Killer to spend 25 years in psychiatric care

A Melbourne man has been ordered to spend 25 years in a psychiatric hospital after being acquitted of the murder of his parents on the grounds of mental impairment. The family is upset that he did not face trial. However, the court heard expert evidence from three independent psychiatrists, who all agreed that the accused was suffering from paranoid schizophrenia and that the psychotic episode was not drug-induced. Section 20 of the Crimes (Mental Impairment and Unfitness to Be Tried) Act 1997 (Vic) creates a defence to criminal charges where a person “could not reason with a moderate degree of sense and composure about whether the conduct, as perceived by reasonable people, was wrong”.

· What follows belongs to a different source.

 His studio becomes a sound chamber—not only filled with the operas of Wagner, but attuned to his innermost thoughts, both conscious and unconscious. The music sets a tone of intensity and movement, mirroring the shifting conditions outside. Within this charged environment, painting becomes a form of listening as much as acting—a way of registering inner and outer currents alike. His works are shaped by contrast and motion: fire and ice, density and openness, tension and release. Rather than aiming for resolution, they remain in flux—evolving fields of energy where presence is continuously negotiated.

Beggars diverted into Salvos’ care

The City of Melbourne council is working with police and the Salvation Army on a new anti-begging strategy. Under the plan, police will charge people with begging, and then recommend them for a court diversion program, which would involve compulsory “health checks, training, and help in finding work”. Twenty-four men were arrested under the scheme last weekend. Under the Criminal Justice Diversion Program, people are given the opportunity to avoid court and a criminal record if they comply with conditions set by a magistrate. Under the Summary Offences Act 1966 (Vic), “begging or gathering alms” is punishable by up to a year in jail.

White-collar penalties low, says ASIC

The Australian Securities and Investments Commission, the body responsible for regulating companies, says the penalties for corporate wrongdoing are too low. For example, “[t]he maximum fine that may be imposed may be substantially lower than the financial benefit obtained as a result of the wrongdoing.” One proposal in the ASIC report is to set the maximum penalty for profitable offences at “three times the value of the benefits obtained that are reasonably attributable to the contravention”.

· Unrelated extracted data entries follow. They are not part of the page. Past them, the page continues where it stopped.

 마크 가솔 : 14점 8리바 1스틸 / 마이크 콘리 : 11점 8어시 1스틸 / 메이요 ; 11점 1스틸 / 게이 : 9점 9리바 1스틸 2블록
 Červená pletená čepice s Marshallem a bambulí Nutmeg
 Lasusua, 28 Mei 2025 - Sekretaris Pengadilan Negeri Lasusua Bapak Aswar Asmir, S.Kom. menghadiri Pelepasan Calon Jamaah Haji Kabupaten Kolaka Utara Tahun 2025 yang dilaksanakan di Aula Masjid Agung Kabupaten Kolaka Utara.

Handlebar-cam highlights danger of “dooring”

A handlebar-cam video has highlighted the danger facing cyclists using bike lanes in the CBD. The video shows a passenger hitting the cyclist with the door of a taxi, refusing to identify himself, and blaming the cyclist for the incident. Rule 269(3) of the Road Safety Rules 2009 (Vic) makes it an offence to “cause a hazard to any vehicle by opening a door of a vehicle”. The penalty was significantly increased in 2012, because “dooring” is a serious risk to cyclists’ safety, particularly in the CBD.